UK CMA: proposed commitments from Apple and Google on app review, ranking, data use, and iOS interoperability
A readable summary of the UK CMA’s proposed app store commitments, what ‘fair, objective and transparent’ could mean in practice, and why devs should care.
Original announcement (source): GOV.UK / Competition and Markets Authority - “CMA secures commitments from Apple and Google to improve fairness in app store processes and enhance iOS interoperability” (Feb 10, 2026)
The core idea
The UK’s Competition and Markets Authority (CMA) is consulting on a package of proposed commitments from Apple and Google aimed at improving fairness, transparency, and certainty for UK businesses that rely on the App Store and Google Play.
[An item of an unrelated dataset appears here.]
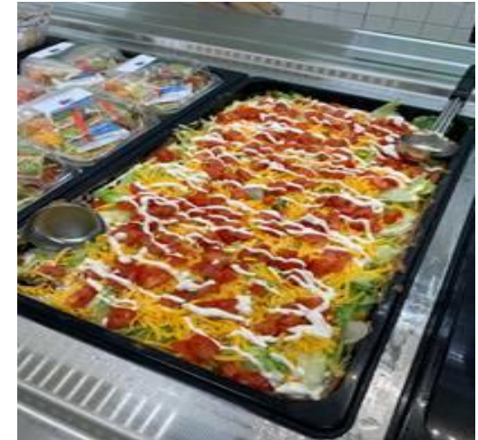
Celebrating Hispanic Heritage Month with Chicken Enchiladas and 7 Layer Dip

This matters because it targets the two areas that cause the most day-to-day pain for teams shipping apps:
- process opacity (reviews, rejections, ranking visibility)
- platform gatekeeping (what you can and cannot integrate with on iOS)
The CMA says views are welcome by 3 March 2026, and (subject to feedback) the commitments would take effect from 1 April 2026.
What the commitments cover (in plain English)
1) App review: fewer “because we said so” decisions
Apple and Google would commit to reviewing apps in a fair, objective and transparent way, and not disadvantaging apps that compete with their own.
Why it matters: if you have ever been stuck in a review loop, predictability is the difference between “marketing plan” and “missed launch”.
2) App ranking: less room for silent self-preferencing
Similar principle applied to store rankings: fair, objective, transparent, and no preferential treatment.
Why it matters: ranking shifts can look like an ASO problem when they are actually a platform policy or enforcement issue.
3) Data use: don’t weaponize developer data
The CMA calls out safeguarding data gathered during app review and not using it unfairly.
Why it matters: teams worry about asymmetric information, especially where a platform competes with third parties.
4) iOS interoperability: a clearer path to request access
Apple would improve how developers request interoperable access to iOS/iPadOS features and functionality, and commit to considering requests fairly and objectively.
Why it matters: this is the part that could unlock new product experiences (especially for fintech and wallets) if it turns into meaningful access, not just a better form.
The practical takeaway for growth teams
Policy changes are not abstract. They change:
- how risky a launch calendar is
- how you plan experiments (if approvals are unpredictable)
- what “distribution” even means in a market
Tiny win: if you operate in the UK, map your top 3 platform dependencies (payments, identity, wallets, deep links, alternative distribution). Then note which ones would benefit from clearer interoperability rules.